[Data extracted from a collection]
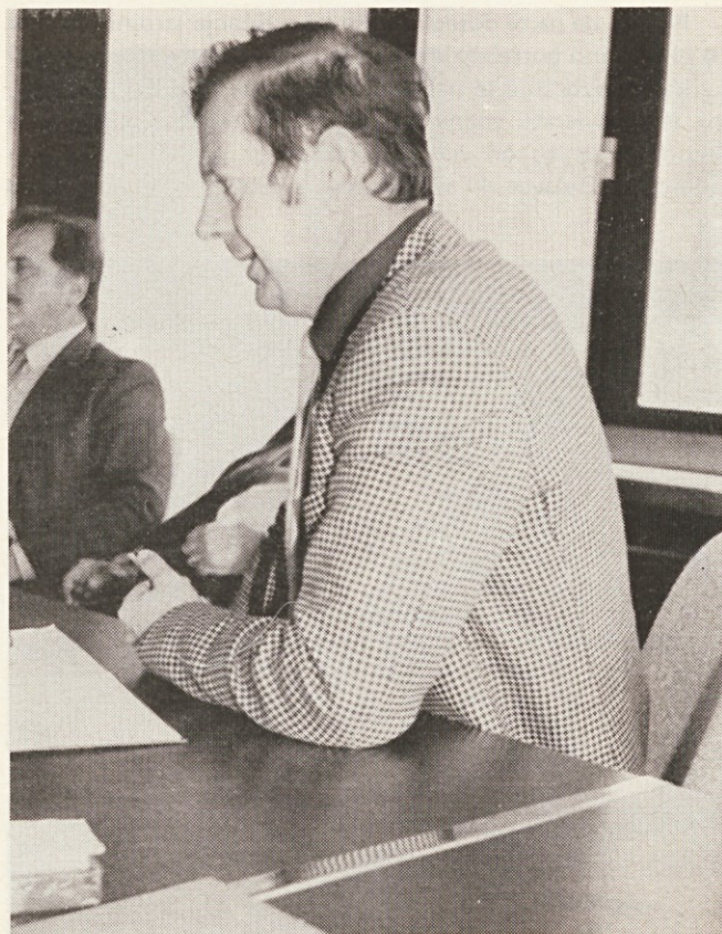
Rojeva se nova konkurenčna tovarna

Zaskrbnjujoči pa so nekateri ukrepi, ki jih je omenil že tov. Jenko. Gre namreč za to, da imamo omejena sredstva za potne stroške, dnevnice ipd. Mi smo za leto 1980 odločili, da bomo zaposlili še enega trgovskega zastopnika, zavedajoč se, da se v Bosni in Hercegovini pojavlja konkurenčna tovarna. Zatorej bodo morali biti pristopi k reševanju tega vprašanja resnično zavzeti.
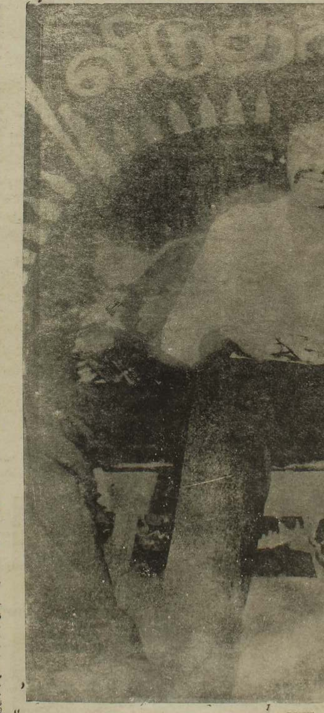
"மக்கள் பாட்சி வெடிக்கட்டுந் தமிழ்நாற் மலரட்டுந்" - நான் சித்தி எஸ். குமார், டி. வி. வேல்வரன், (9-8)
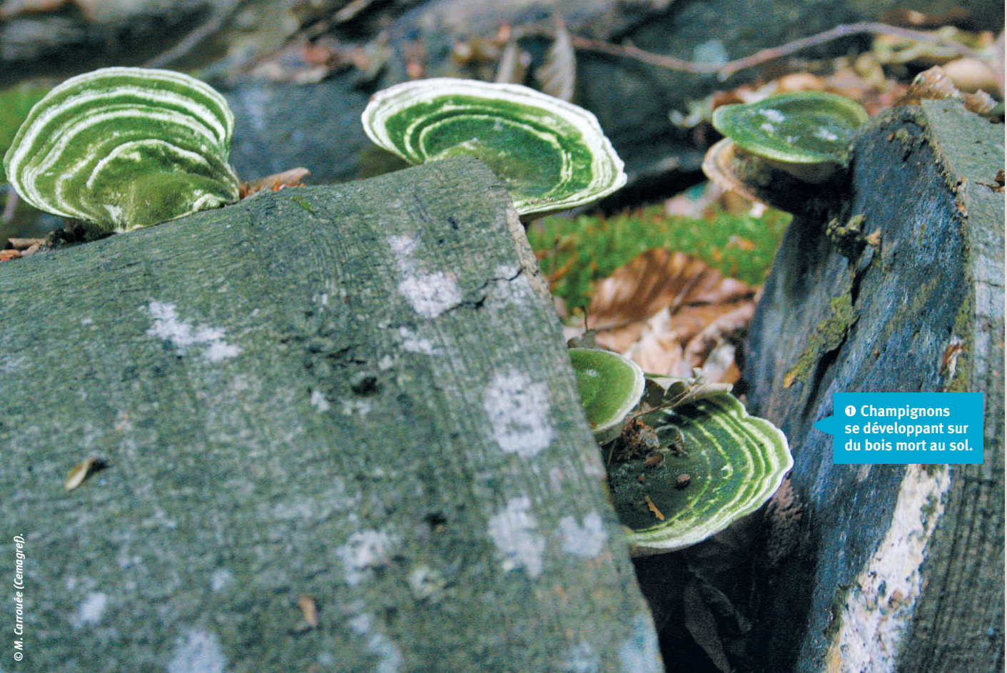
❶ Champignons se développant sur du bois mort au sol.

Faute de consensus dans la communauté scientifique sur les méthodes à employer, il existe pratiquement autant de protocoles d'échantillonnage que de suivis eux-mêmes. Le cas le plus frappant est celui du réseau PIC-Forêt lancé en 1985, sous l'égide de l'UNECE (United Nations Economic Commission for Europe). Ce programme international de coopération a été lancé pour étudier l'effet de la pollution transfrontalière sur les écosystèmes forestiers. Ce réseau comprend deux sous-ensembles de sites ; l'un (niveau II) est constitué de 800 sites dans lesquels de nombreuses mesures physiques et chimiques sont réalisées selon les mêmes protocoles standardisés. Un suivi floristique a été mis en place vers 1995 sur l'ensemble de ces sites. Faute de consensus entre les participants et d'arbitrage, la surface élémentaire des placettes des relevés floristiques variait de 4 000 à 5 500 m 2 , avec parfois même des fluctuations entre placettes d'un même pays ! Or le nombre d'espèces croît très logiquement avec la surface considérée (il existe une riche littérature sur cette relation aire-espèces). Le résultat est que ces données n'ont jamais pu faire l'objet d'analyses conjointes. Il a fallu attendre près de dix ans pour que la volonté de construire un protocole commun soit entièrement partagée par tous les participants et aboutisse finalement au choix d'une surface élémentaire unique – 400 m 2 dans ce cas – pour suivre les évolutions temporelles de la flore à l'échelle du réseau.

PROMPT:
Please retype the records above exactly, but leave out any pictures.

ANSWER TO THIS TASK:
Rojeva se nova konkurenčna tovarna

Zaskrbnjujoči pa so nekateri ukrepi, ki jih je omenil že tov. Jenko. Gre namreč za to, da imamo omejena sredstva za potne stroške, dnevnice ipd. Mi smo za leto 1980 odločili, da bomo zaposlili še enega trgovskega zastopnika, zavedajoč se, da se v Bosni in Hercegovini pojavlja konkurenčna tovarna. Zatorej bodo morali biti pristopi k reševanju tega vprašanja resnično zavzeti.
"மக்கள் பாட்சி வெடிக்கட்டுந் தமிழ்நாற் மலரட்டுந்" - நான் சித்தி எஸ். குமார், டி. வி. வேல்வரன், (9-8)
❶ Champignons se développant sur du bois mort au sol.

Faute de consensus dans la communauté scientifique sur les méthodes à employer, il existe pratiquement autant de protocoles d'échantillonnage que de suivis eux-mêmes. Le cas le plus frappant est celui du réseau PIC-Forêt lancé en 1985, sous l'égide de l'UNECE (United Nations Economic Commission for Europe). Ce programme international de coopération a été lancé pour étudier l'effet de la pollution transfrontalière sur les écosystèmes forestiers. Ce réseau comprend deux sous-ensembles de sites ; l'un (niveau II) est constitué de 800 sites dans lesquels de nombreuses mesures physiques et chimiques sont réalisées selon les mêmes protocoles standardisés. Un suivi floristique a été mis en place vers 1995 sur l'ensemble de ces sites. Faute de consensus entre les participants et d'arbitrage, la surface élémentaire des placettes des relevés floristiques variait de 4 000 à 5 500 m 2 , avec parfois même des fluctuations entre placettes d'un même pays ! Or le nombre d'espèces croît très logiquement avec la surface considérée (il existe une riche littérature sur cette relation aire-espèces). Le résultat est que ces données n'ont jamais pu faire l'objet d'analyses conjointes. Il a fallu attendre près de dix ans pour que la volonté de construire un protocole commun soit entièrement partagée par tous les participants et aboutisse finalement au choix d'une surface élémentaire unique – 400 m 2 dans ce cas – pour suivre les évolutions temporelles de la flore à l'échelle du réseau.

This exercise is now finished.